Por Leticia Nedel(UFSC)
Fonte CPDOC-FGV-RJ
Lucia Lippi é Professora Emérita da Escola de Ciências Sociais da Fundação Getulio Vargas e autora de uma obra cuja atualidade atravessa momentos definidores da sociologia e da pesquisa histórica produzidas no país ao longo dos últimos 50 anos. Como pesquisadora no CPDOC desde 1976, contribuiu para estabelecer e consolidar no Brasil áreas até então pouco frequentadas, como a sociologia das elites e a história contemporânea, as quais sofisticou com a argúcia auto-reflexiva característica de sua produção. Suas abordagens sobre os projetos estéticos, políticos e ideológicos das elites republicanas, sempre sensíveis às questões identitárias e marcadas por uma perspectiva processual e transdisciplinar de análise, são referência fundamental para o conhecimento do Pensamento Social Brasileiro, área que se confunde com a própria experiência de institucionalização da pesquisa social no Brasil.
Lucia Maria Lippi Oliveira nasceu em 27 de fevereiro de 1945, em Teresópolis, estado do Rio de Janeiro. Filha de uma professora primária descendente de imigrantes europeus com um funcionário dos correios procedente do interior de Minas Gerais, foi a primeira mulher da família a conquistar o diploma de curso superior. A morte prematura do pai antes que ela completasse dois anos distanciou-a do lado familiar paterno e a manteve, junto com a mãe, sob a órbita dos “Lippi”. Este era o sobrenome do avô materno, um patriarca italiano que impunha aos filhos e netos a rígida orientação católica ultramontana ditada à época pelo bispo de Petrópolis, Dom Manoel Cintra. Foi junto desse avô que Lucia reivindicou o direito de estudar no Rio de Janeiro.
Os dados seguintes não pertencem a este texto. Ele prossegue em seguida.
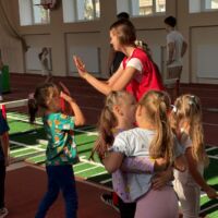 Pēc tām bērni darbojās komandās: meta bumbu grozā, nodeva viens otram stafeti, veica kūleņus ar bumbu rokās un veikli sportoja kustību aktivitātēs.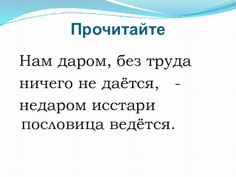 Прочитайте Нам даром, без труда ничего не даётся,  -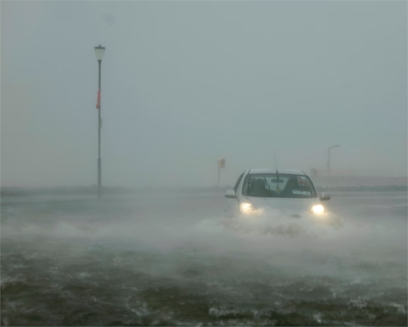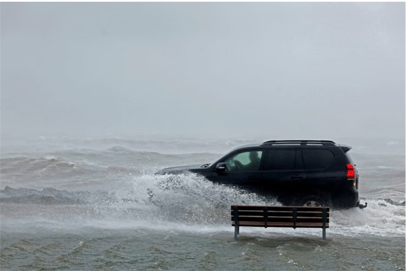 차 한 대가 이미 범람한 바닷물로 들어차 구분이 되지 않는 바다길을 따라 폐쇄된 주차장을 빠져나가기 위해 달리고 있다. (사진 : 로이터)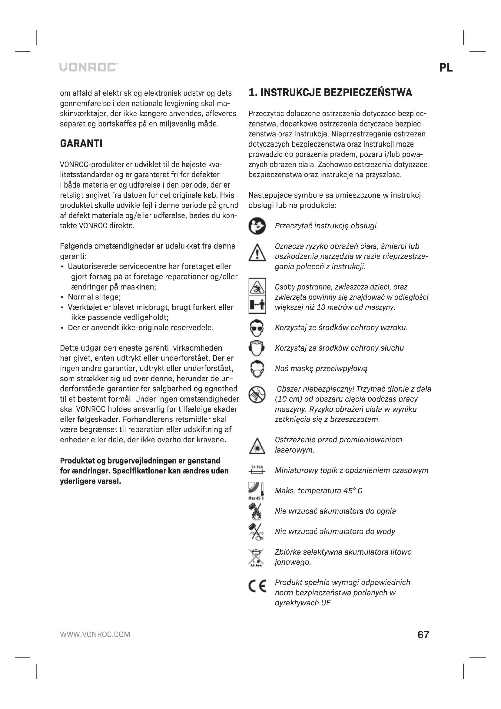 - Użyto części zamiennych innych niż oryginalne. Niniejsza gwarancja to wyłączna gwarancja pro- ducenta i nie obowiązują żadne inne wyrażone ani dorozumiane gwarancje. Nie obowiązują żadne inne wyrażone ani dorozumiane gwarancje o zakresie przekraczającym niniejszą gwarancję, co obejmuje dorozumiane gwarancje przydatności do sprzedaży i przydatności do określonego celu. W żadnym przy- padku firma VONROC nie ponosi odpowiedzialności za straty przypadkowe lub wynikowe. Zadośćuczy- nienie sprzedawcy jest ograniczone do naprawy lub wymiany niezgodnych urządzeń lub części. Produkt i instrukcja obsługi podlegają zmianom. Dane techniczne podlegają zmianom bez uprzedzenia.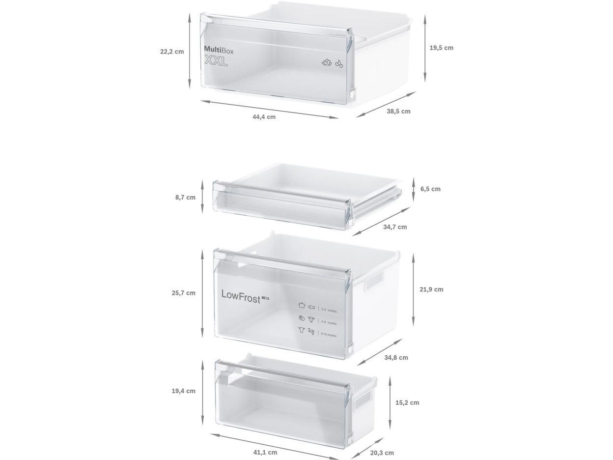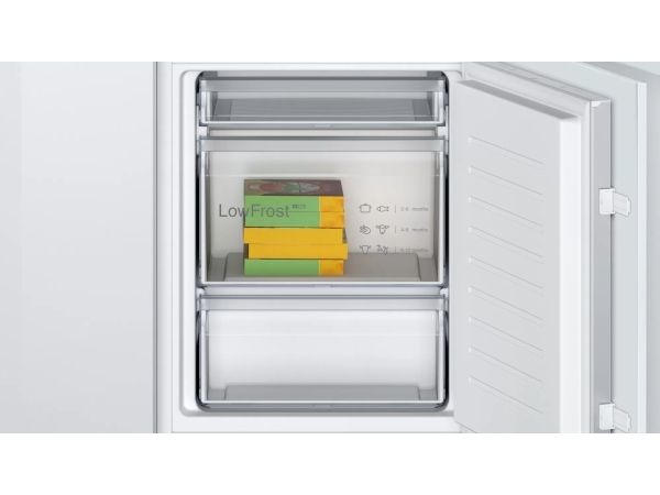 Bosch Serie 2 KIV865SE0. Total net capacity: 267 L. Door hinge: Right. Climate class: SN-ST, Noise level: 35 dB. Fridge net capacity: 183 L, Fridge interior light, Fridge number of shelves/baskets: 4, Number of vegetable drawers: 1. Freezer net capacity: 84 L, Freezing capacity: 4.2 kg/24h. Energy efficiency class: E, Annual energy consumption: 229 kWh. Product colour: White

Queria ser engenheira. Com o patrocínio dele cursou o científico como interna do Colégio Imaculada Conceição, tradicional escola católica localizada no bairro de Botafogo. Lá viveu sua primeira aproximação com a política, ainda como um processo de conversão à esquerda cristã entre 1960 e 1962, quando passou a militar na Juventude Estudantil Católica (JEC) e desistiu de cursar engenharia. Ingressou no curso de Sociologia e Política da PUC-RJ em 1963. Uma universidade também católica, como convinha à família, com forte presença de mulheres e sobrenomes ilustres. Ali exerceu a militância na Ação Popular (AP), da qual acabou expulsa por insubordinação. Também na PUC conheceu Celina Vargas do Amaral Peixoto, futura criadora do CPDOC.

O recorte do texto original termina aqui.